▶ **What this task involves**
Copy, word for word, the lines below from the one containing "DIOR Cintura in" up to and including the one containing "Cartera Mujer Mediana", with pictures left out.

[Dataset entries Boundary: Start]

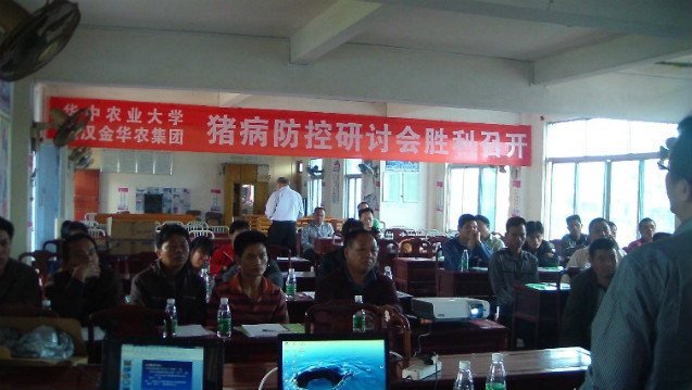 ?“豬是養(yǎng)大的,不是治大的?!?/span>4月28日,武漢金華農(nóng)生物集團公司春夏季豬病防控專題研討會在廣東三個重點養(yǎng)殖縣市同時勝利召開,公司專家團隊、技術部服務人員、廣東省大區(qū)黎經(jīng)理與來自全省的150多家規(guī)模化養(yǎng)殖場負責人以“高效養(yǎng)殖模式、健康用藥理念”為主題,進行了專題研討學習與經(jīng)驗交流。
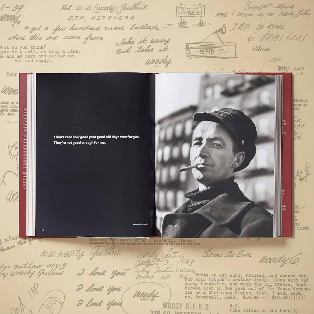 Featuring never before published lyrics to some of his greatest songs, personal diary entries, doodles, quips and jokes, and piercing insights on his politics and justice, this is an undeniable and important celebration of Woody’s vibrant life’s work. Created to be enjoyed by all – those interested in folk music or those interested in Woody’s thoughts on Life in all its aspects, from Politics and Spirituality to Love and Family.
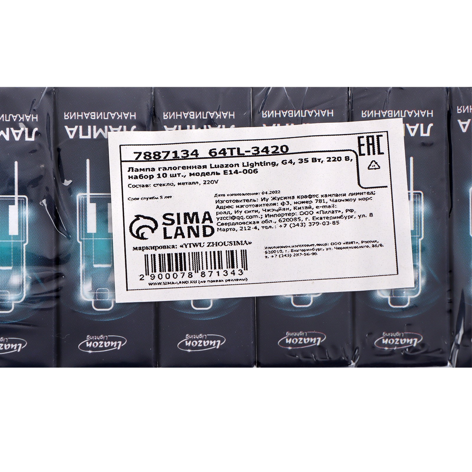 Лампа галогенная Luazon Lighting, G4, 35 вт, 220 в, набор 10 шт.
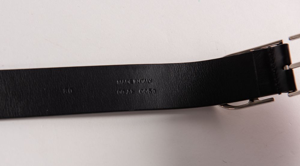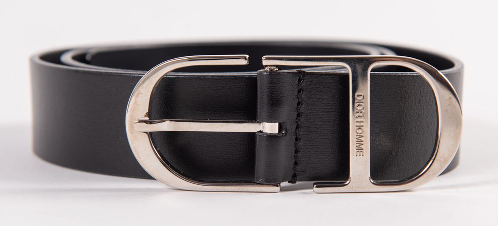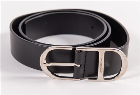 DIOR Cintura in pelle nera con fibbia in metallo argentato. Lunghezza totale: cm 96. Spessore fascia: cm 2,8. Fibbia: cm 3,5x9. Riporta misura 80. Reca marchi Dior Homme, Dior Made in Italy e codice di riferimento prodotto. (Lievi difetti)
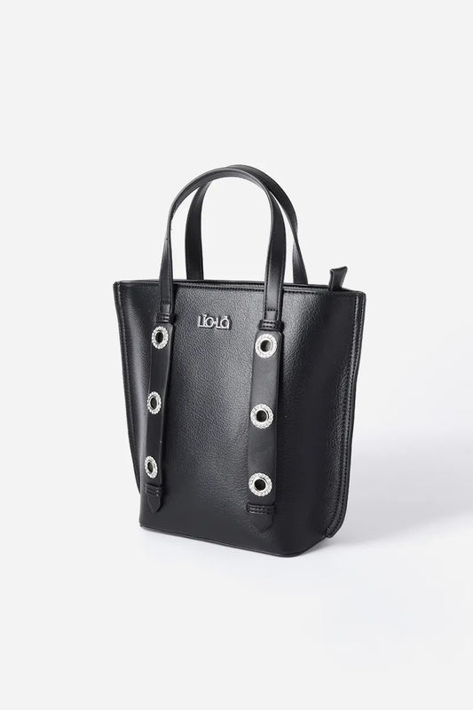Cartera Mujer Mediana Simil Cuero Granulado Ojetillos Strass Negro
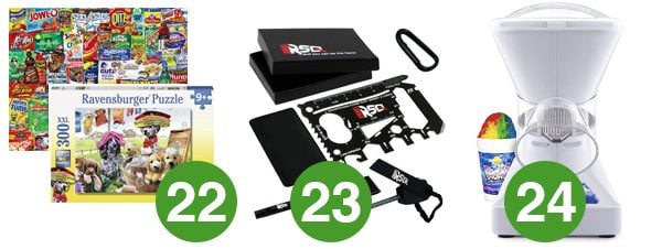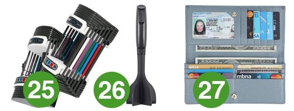 23. Wallet Tool {aff. link}: a fun stocking stuffer, this clever little gift has a credit card tool (these things are awesome if you haven’t heard of them) plus a fire starter, carabiner and emergency whistle (which is super loud, firsthand knowledge here!).

[Dataset entries Boundary: End]

▶ **Your response**
 DIOR Cintura in pelle nera con fibbia in metallo argentato. Lunghezza totale: cm 96. Spessore fascia: cm 2,8. Fibbia: cm 3,5x9. Riporta misura 80. Reca marchi Dior Homme, Dior Made in Italy e codice di riferimento prodotto. (Lievi difetti)
Cartera Mujer Mediana Simil Cuero Granulado Ojetillos Strass Negro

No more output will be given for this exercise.